Paleontologists had traced the origins of animal life to roughly 565 million years ago, during an explosion of diverse animal life-forms in fossils dated to the Cambrian Period. However, microbiologist Gregory Wray of the State University of New York, Stony Brook, and others question whether the fossil record tells the whole story. If more ancient animals were too small or too "squishy," Wray says, they would have left no trace in the fossil record.

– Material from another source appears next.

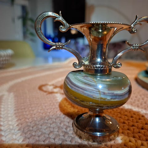 Ronson bordlighter laget av tenn med dekorative elementer i emalje i blå farge. Kompakt design med detaljer i metall. Egnet som samlerobjekt eller dekorativ gjenstand.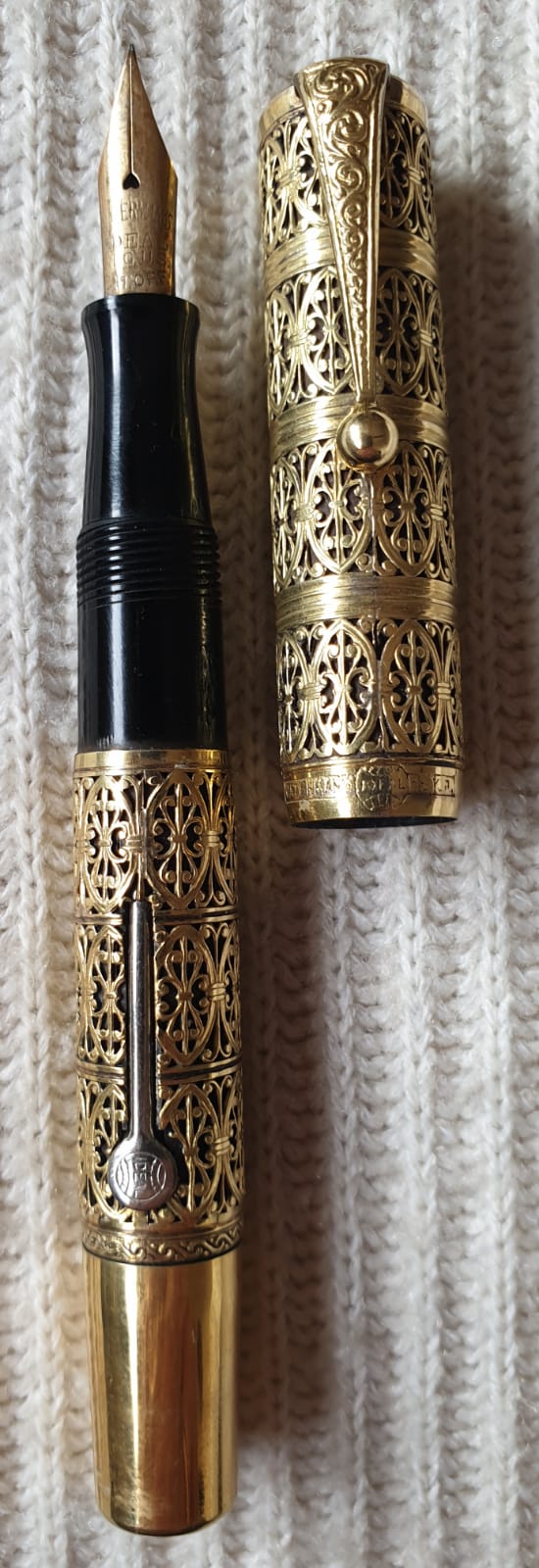 Rara parure Waterman's 52 V con lamina traforata desueta per questo modello di stilografica.

Wray and his colleagues therefore attempted to trace animal life--defined as multicellular creatures whose cells are held together by collagen--back to its origins without heading to a paleontology dig. Instead, they used a "molecular clock." They assumed that nucleotide bases--the building blocks of DNA--change into other nucleotides at a constant rate. Wray's team counted nucleotide differences in DNA of living species from 16 phyla, which are groups of related species. They examined species sharing a known common ancestor, such as humans and carp. By plotting the number of nucleotide changes against the estimated time since the pair diverged, the researchers calculated "how fast the clock was ticking," Wray says. His team applied this rate to species pairs with no known common ancestor--such as humans and clams--to determine how much time had elapsed since the species had diverged. Winding their molecular clock backward through time, Wray's team estimated that the mother of all animals must have been born 1 billion to 1.2 billion years ago.

Not everyone is convinced that Wray's clock ticks at a constant rate, however. Although the study is interesting, says Harvard University paleontologist Andrew H. Knoll, "molecular clocks are not Timexes." University of California, Davis, geologist Geerat J. Vermeij agrees that it's better not to assume a constant rate. "What I am advocating is that people sit down and test this assumption," he says.